Set down the entries exactly as they appear, apart from the images, which stay out.

Extracted data entries:

-- Opening Marker --

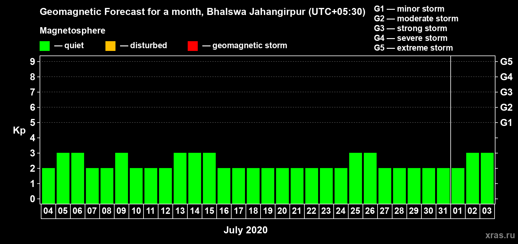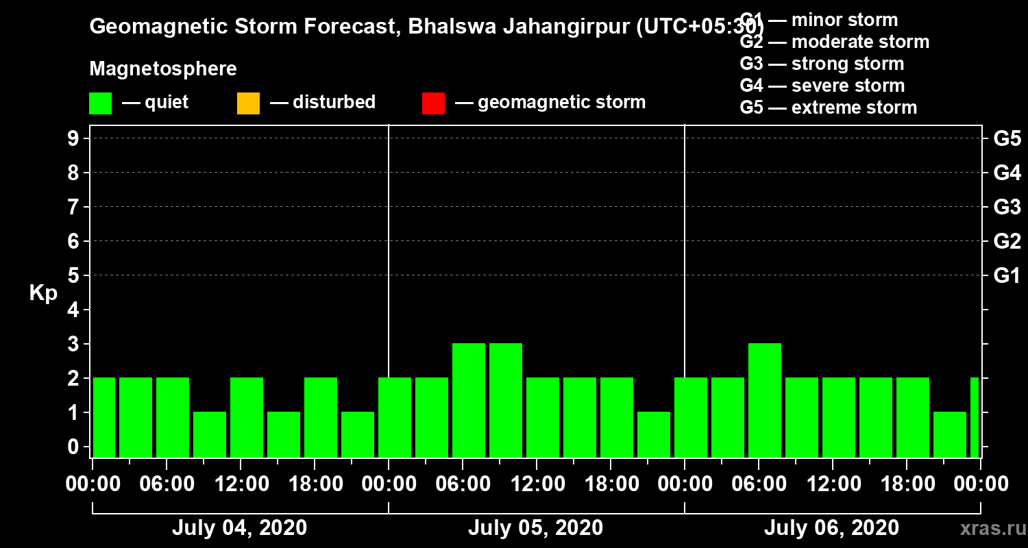 Geomagnetic storm forecast in Bhalswa Jahangirpur for Jul 04, 2020
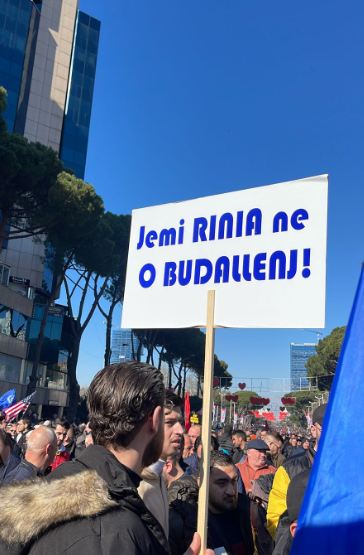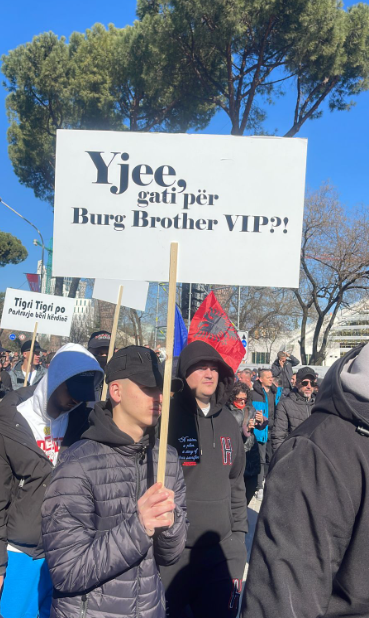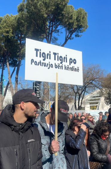 Në një prej pankartave pikante, qytetarët shkruajnë me ironi “Tigri, tigri por pastruesja bën kjërdinë”, duke iu referuar rastit të vjedhjes në banesën e ish-zyrtares Alda Klosi të një shumë prej mijëra eurosh nga pastruesja Rozeta Dobi.
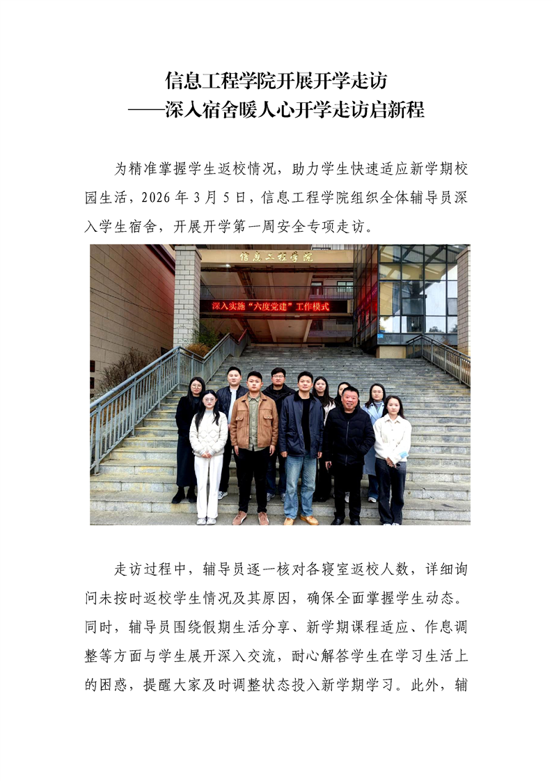信息工程学院开展开学走访 ——深入宿舍暖人心开学走访启新程
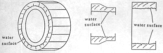 Using rotation for obtaining artificial gravity, it will not be necessary to enclose the water completely. For example water could be contained within a rotating wheel with a trough-shaped cross-section. Various layouts would be possible, within the overall constraint that the inner surface of the water will always remain cylindrical, ie locally "flat". For example, by selecting an appropriate shape for the "bottom" of the pool, the water depth need not be uniform but could be varied along the length of, or around the pool, as in Fig 4b. Also, the pool might be closed on one side and open on the other (Fig 4c).
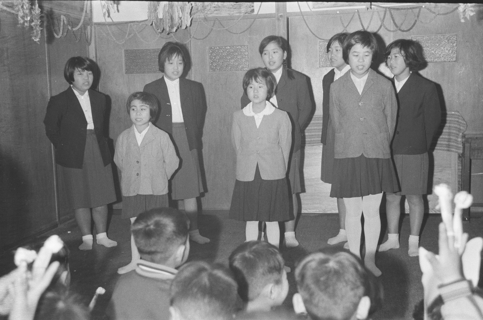 写真クリスマスカイノヨキョウヲスルコドモタチ
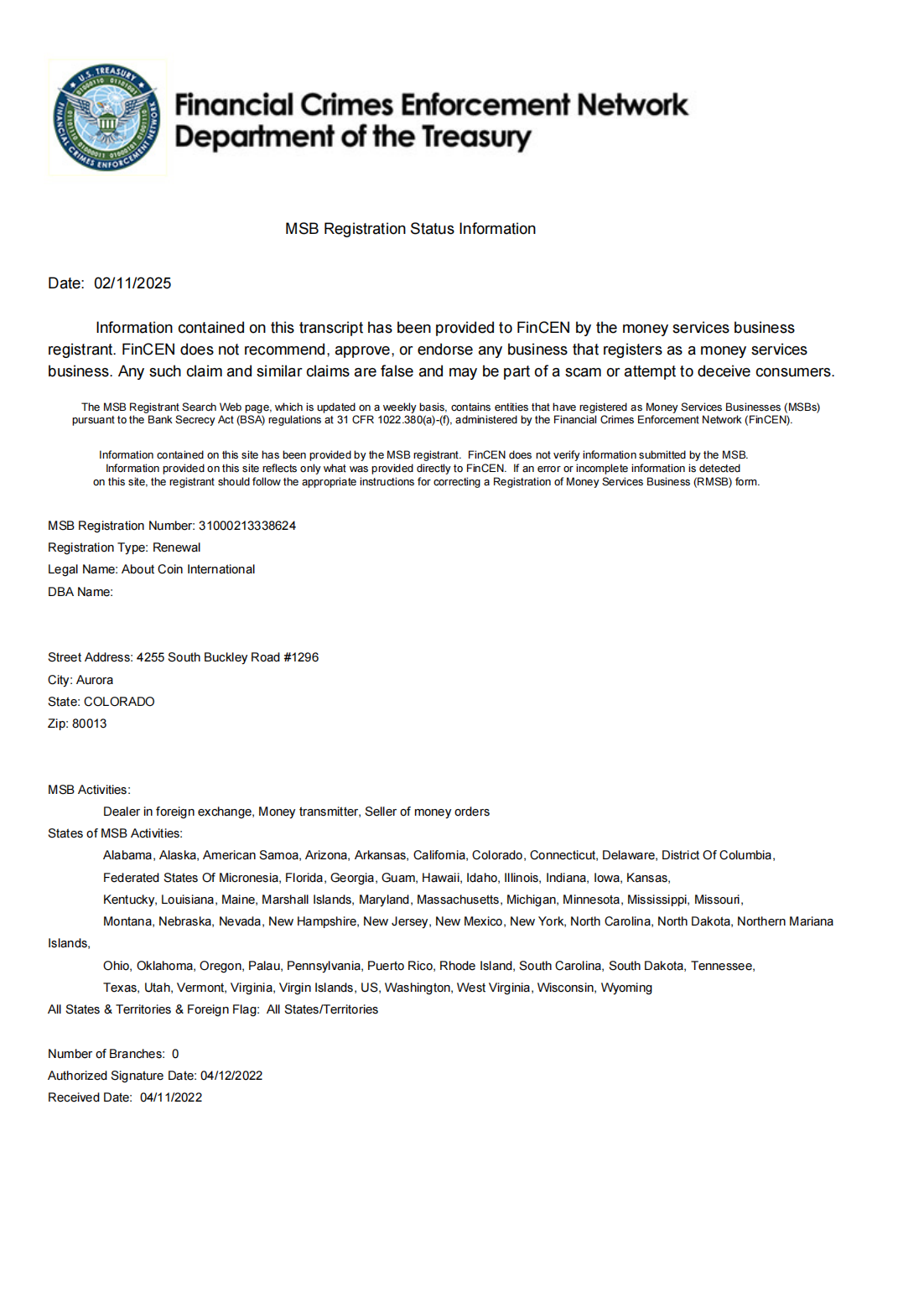 ✅ About Coin International has obtained the MSB (Money Services Business) license issued by the U.S. Treasury Department FinCEN, and is qualified to legally operate virtual currency trading services in the United States!
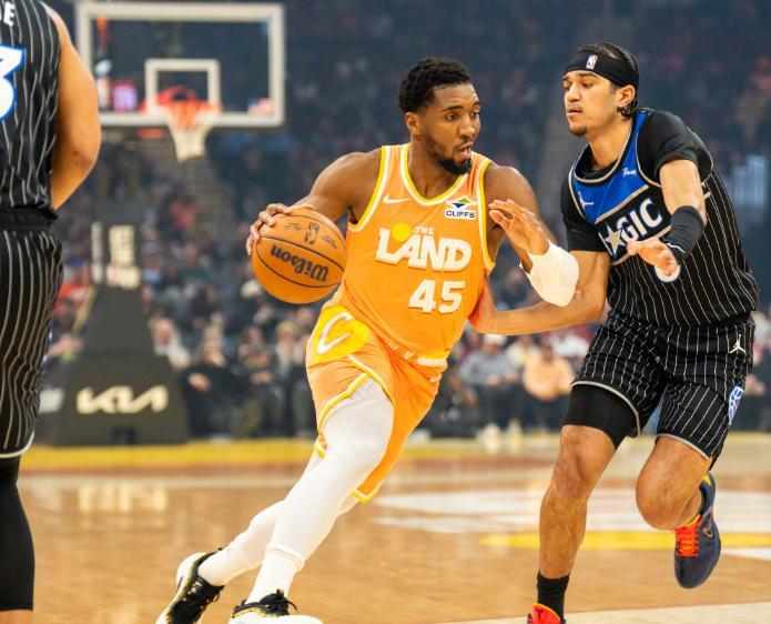 腾讯体育-班凯罗37分完胜探花郎,米切尔45+4+4,骑士双杀魔术豪取四连胜
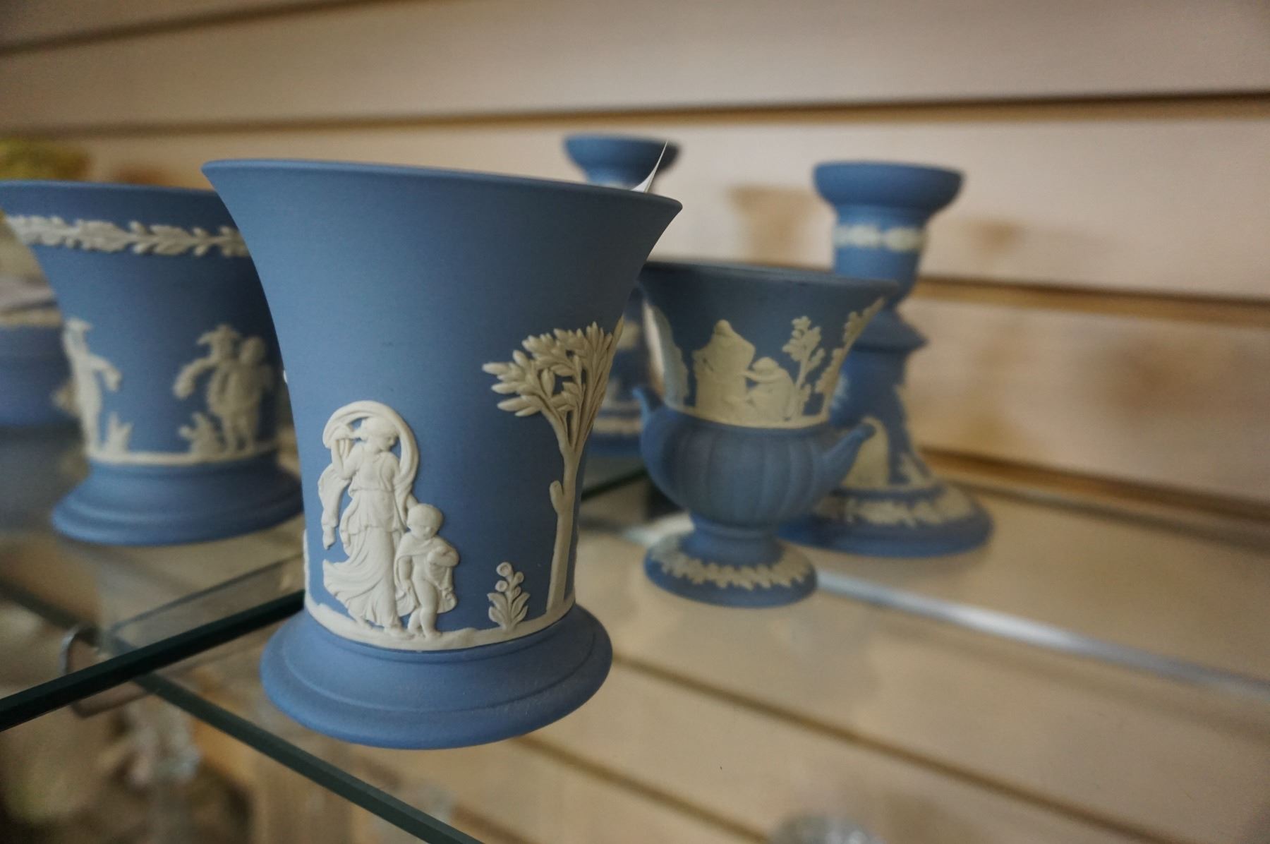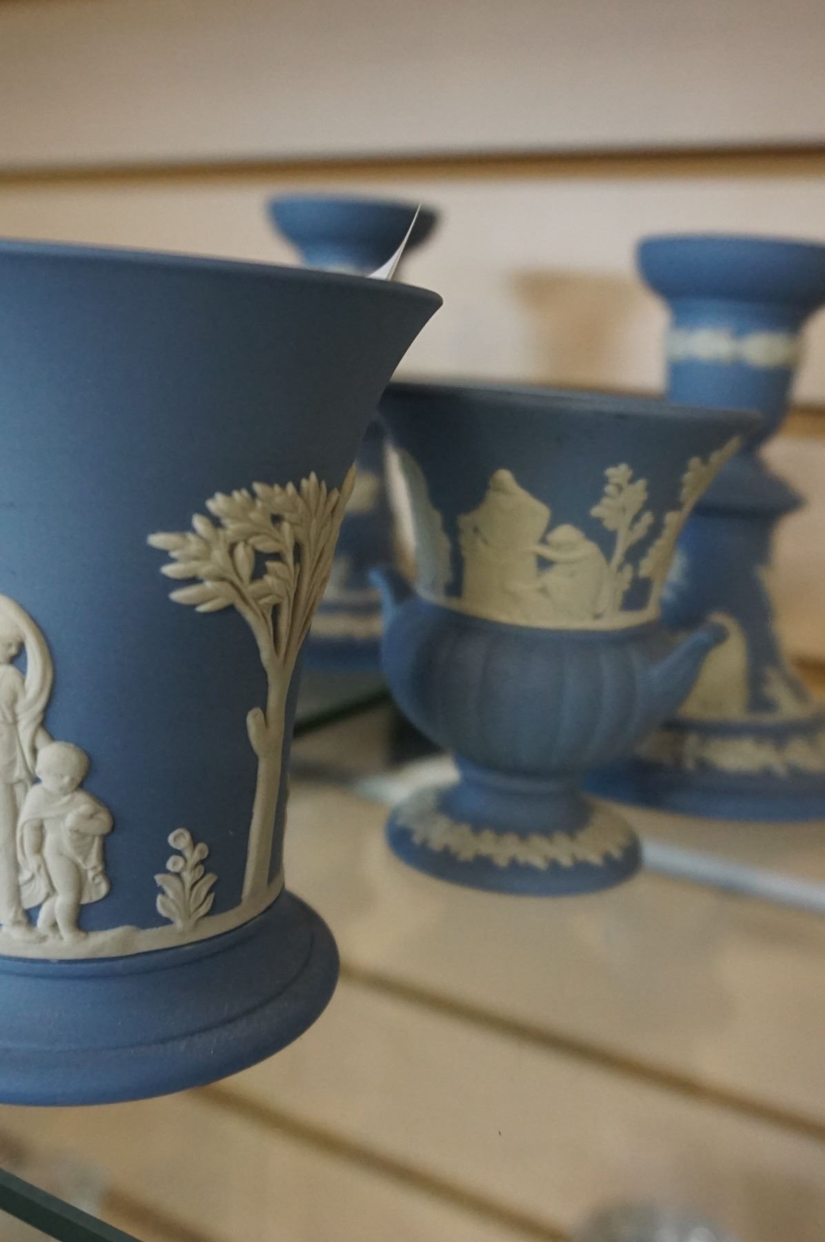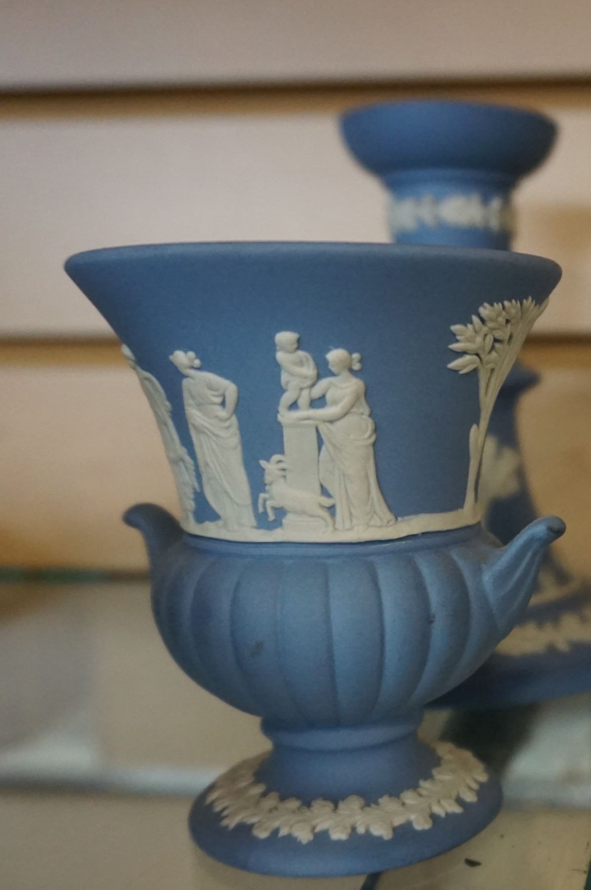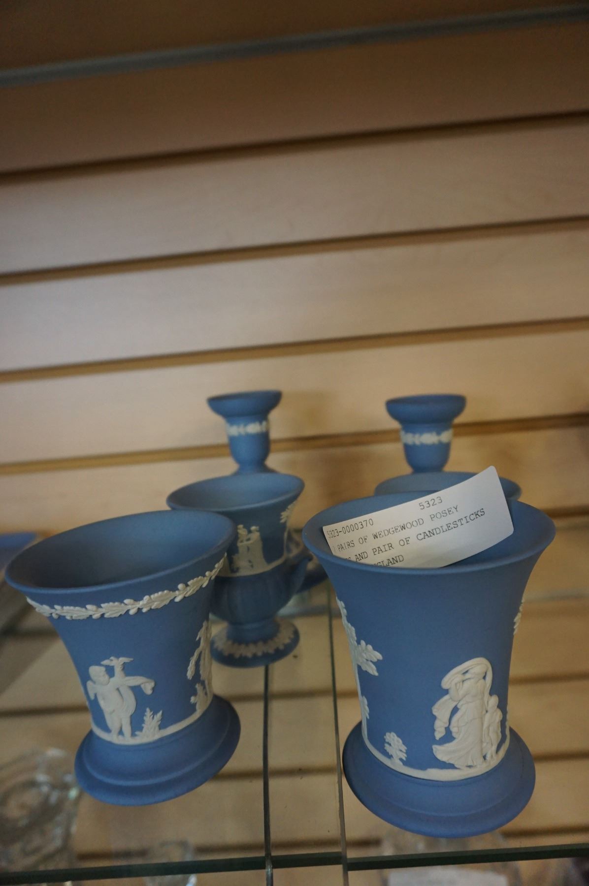 2 PAIRS OF WEDGEWOOD POSEY VASES AND PAIR OF CANDLESTICKS MADE IN ENGLAND

-- Closing Marker --

## EXERCISE RESPONSE:
 Geomagnetic storm forecast in Bhalswa Jahangirpur for Jul 04, 2020
 Në një prej pankartave pikante, qytetarët shkruajnë me ironi “Tigri, tigri por pastruesja bën kjërdinë”, duke iu referuar rastit të vjedhjes në banesën e ish-zyrtares Alda Klosi të një shumë prej mijëra eurosh nga pastruesja Rozeta Dobi.
信息工程学院开展开学走访 ——深入宿舍暖人心开学走访启新程
 Using rotation for obtaining artificial gravity, it will not be necessary to enclose the water completely. For example water could be contained within a rotating wheel with a trough-shaped cross-section. Various layouts would be possible, within the overall constraint that the inner surface of the water will always remain cylindrical, ie locally "flat". For example, by selecting an appropriate shape for the "bottom" of the pool, the water depth need not be uniform but could be varied along the length of, or around the pool, as in Fig 4b. Also, the pool might be closed on one side and open on the other (Fig 4c).
 写真クリスマスカイノヨキョウヲスルコドモタチ
 ✅ About Coin International has obtained the MSB (Money Services Business) license issued by the U.S. Treasury Department FinCEN, and is qualified to legally operate virtual currency trading services in the United States!
 腾讯体育-班凯罗37分完胜探花郎,米切尔45+4+4,骑士双杀魔术豪取四连胜
 2 PAIRS OF WEDGEWOOD POSEY VASES AND PAIR OF CANDLESTICKS MADE IN ENGLAND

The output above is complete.